# Removing factory installed radio?



## Bjoern (May 29, 2005)

Hi, does any one know how to remove the center plastic cover, surrounding the factory installed radio on the dashboard?
Hope someone can help, have already my new Pioneer receiver and have trouble waiting to use it!!
My X-trail is the 2005 model with the new dashboard design.


----------



## ValBoo (May 19, 2003)

Hi Bj,
The cover molding surrounding the radio and dash controls is simply "snapped in" (so screws). Simply start pulling at the bottom below the climate controls, and slowly make your way up. Watch for the wires attached to the 2wd/4wd selector and hazard switch...

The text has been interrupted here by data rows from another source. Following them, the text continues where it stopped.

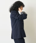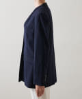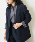 ■ゆったりとしたルーズフィットのシルエットに、ノーカラーデザインで女性さしさもキープ。
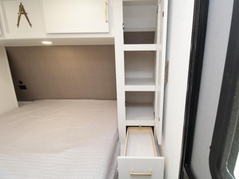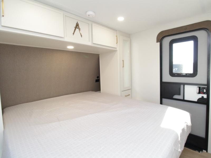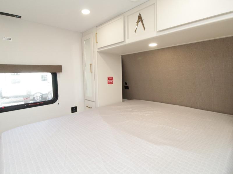 Front master bedroom featuring a queen bed, ample storage, and TV prep
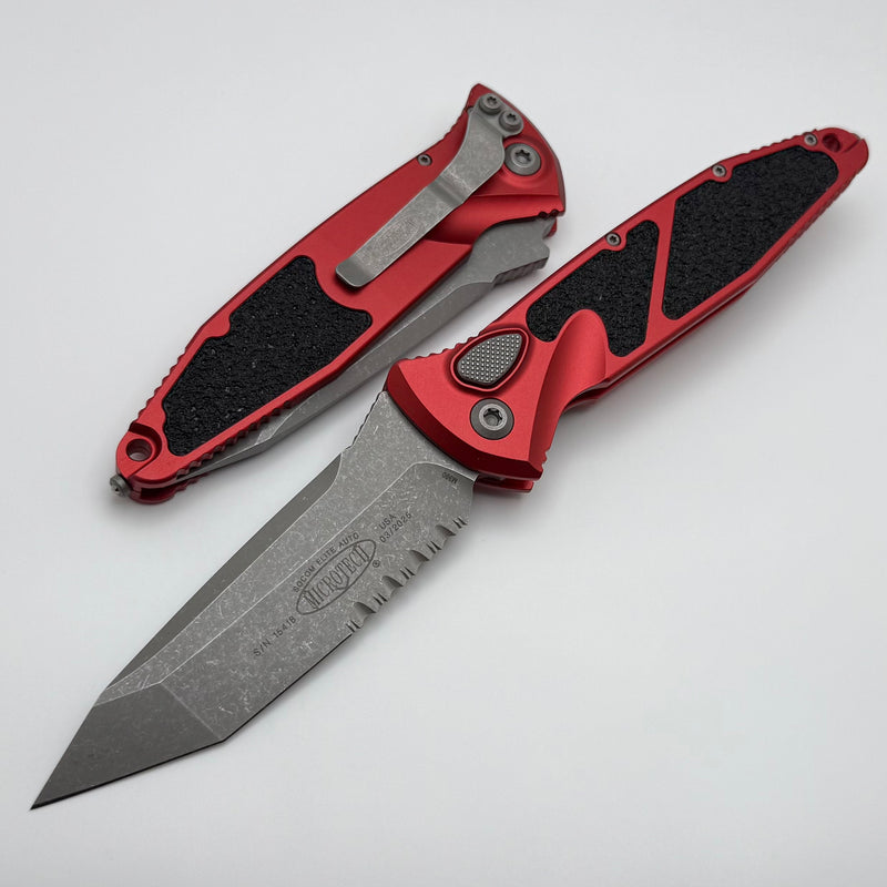 Microtech Socom Elite Auto w/ Apocalyptic T/E Partial Serrated & Red Handle 161A-11APRD
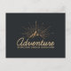 Postal con ilustracion de color dorado sobre fondo negro-gris. Diseñado con un ilustracion de montaña con los rayos de sol brillando hacia afuera desde atrás. La tipografía dice: "Aventura explorar el descubrimiento de los sueños".
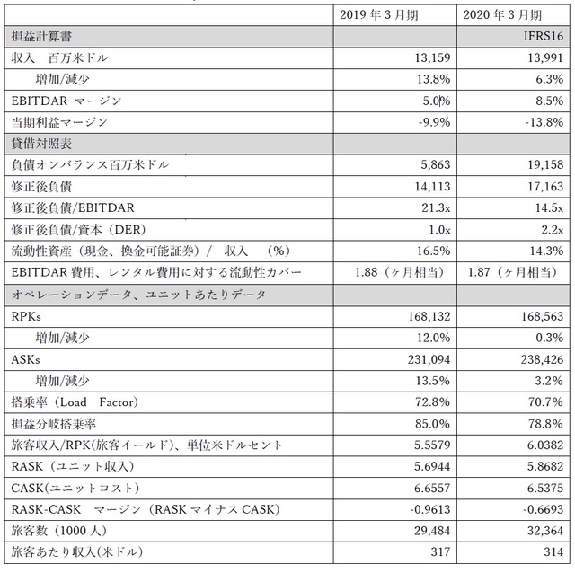 注2)Qatar航空は、キャパシティの稼働データ(RPK、搭乗率)を公表していないため、RPKは、OAGのデータベースから推計値を使用。RPKに依存するイールド、搭乗率といった値は推計として参照されたい。
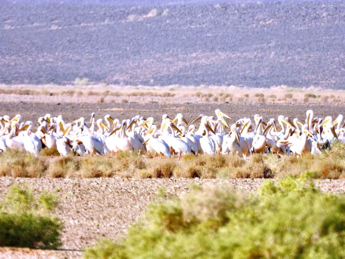The Great White Pelican is one of the largest flying birds in the Kingdom, ranking fourth among the heaviest birds in the world, with a wingspan ranging from 226 to 360 centimeters, making it one of the most prominent sights of migration in the skies over the Saudi desert.
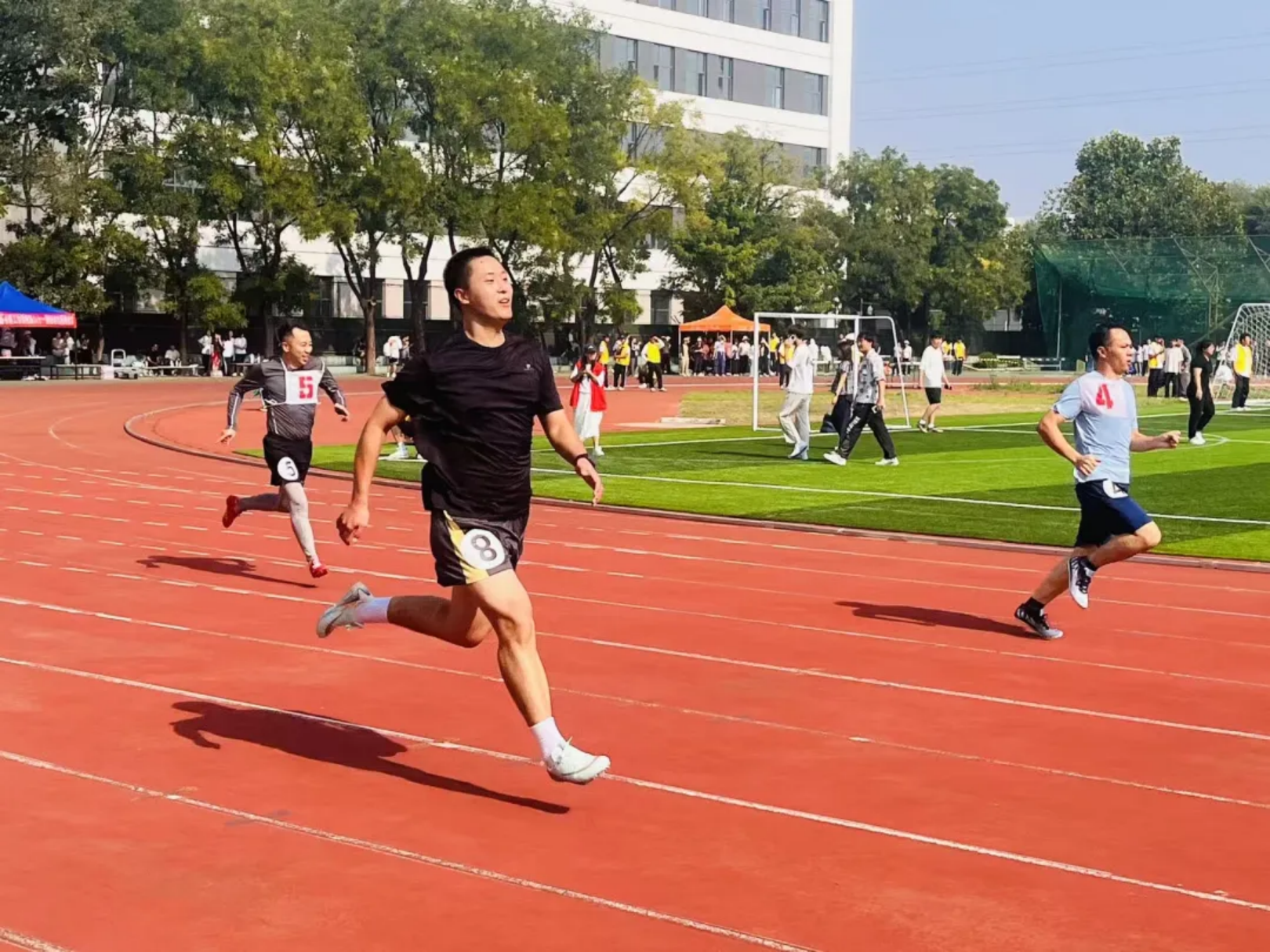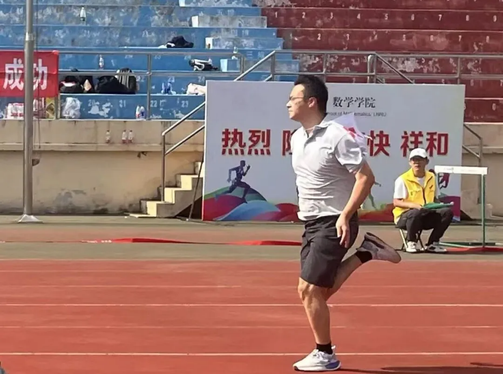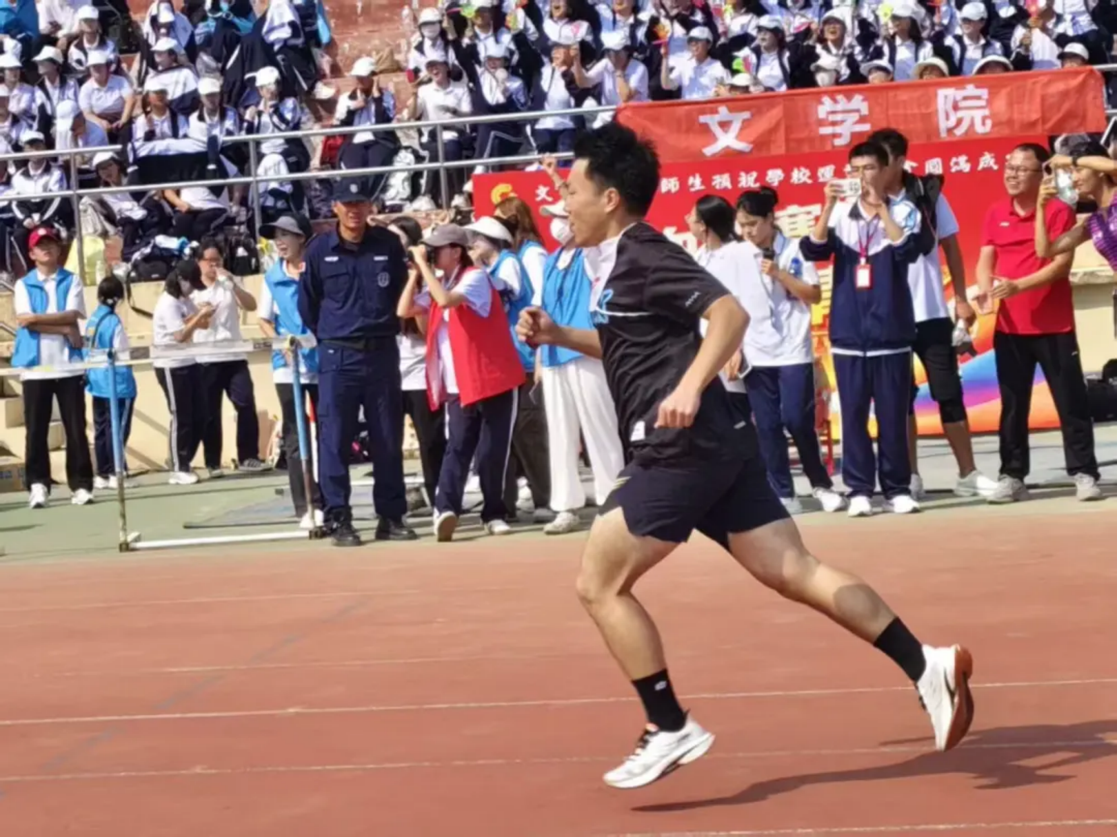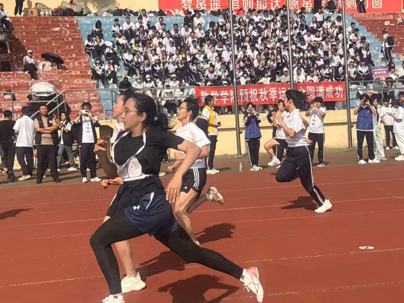 风在耳边呼啸,呐喊在赛场回荡!教工与学子在弯道压步、直道狂奔,把“更快”的信念,跑成赛道上一束追光的轨迹!
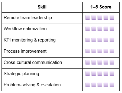 Remote leadership, workflow optimization, KPI tracking, process improvement, cross-cultural communication, strategic planning, and problem-solving.
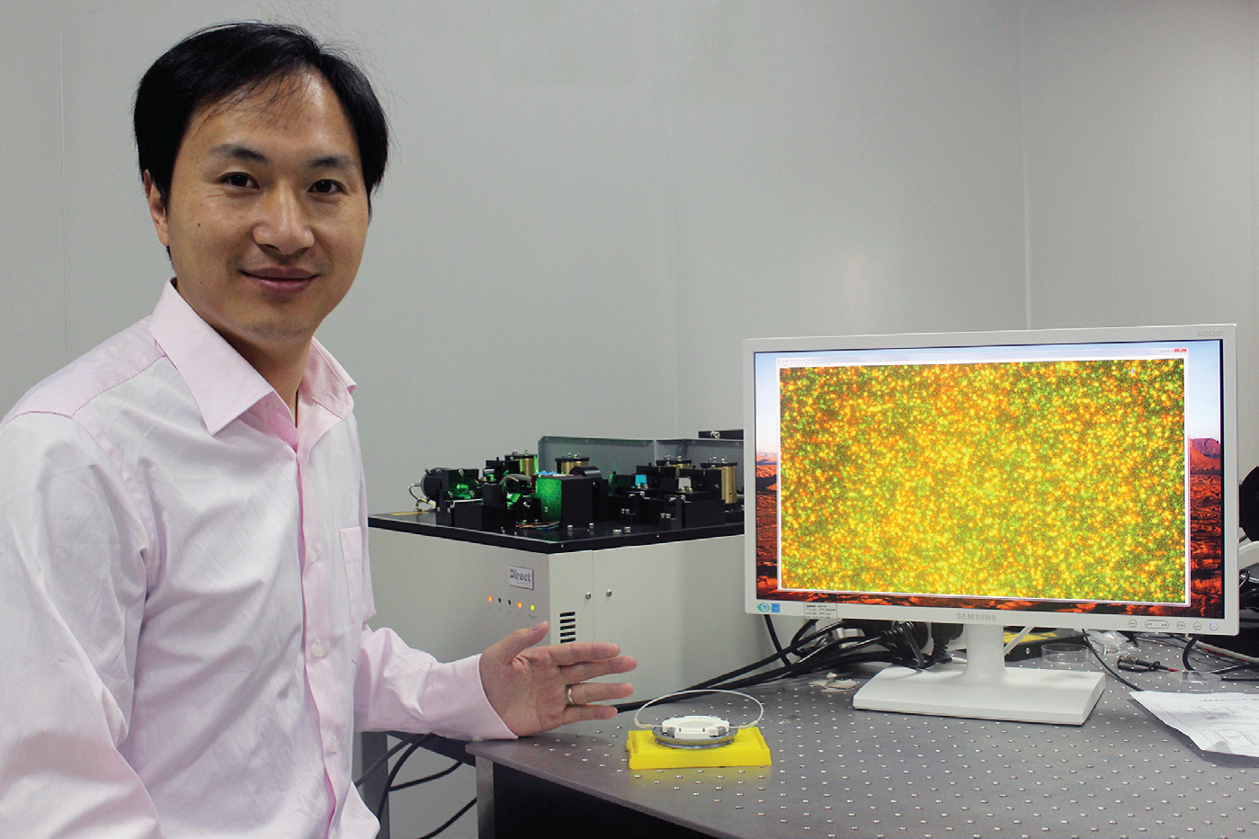 贺建奎和GenoCare测序仪。图中绿色和黄色点代表核酸单色荧光标签,每个点代表一个单分子。

CLick here fo dash picture


----------



## Bjoern (May 29, 2005)

Hi Valboo, thanks for your help, I will try that. Hope it not breaks...
Funny, your climate controls don't look like mine!
Got another question for you, after watching your car on cardomain, have you switched the speakers in the doors to new ones, and if, was it easy?
By the way, I really like your carseats.


----------



## ValBoo (May 19, 2003)

Hi Bj,

thanks, I had my car seats redone early in the year; here is the link if you are interested:
http://www.nissanforums.com/showthread.php?t=84869 

As for the speakers, yes I did change the 4 door speakers.
You can find lots about this if you use the "SEARCH" function.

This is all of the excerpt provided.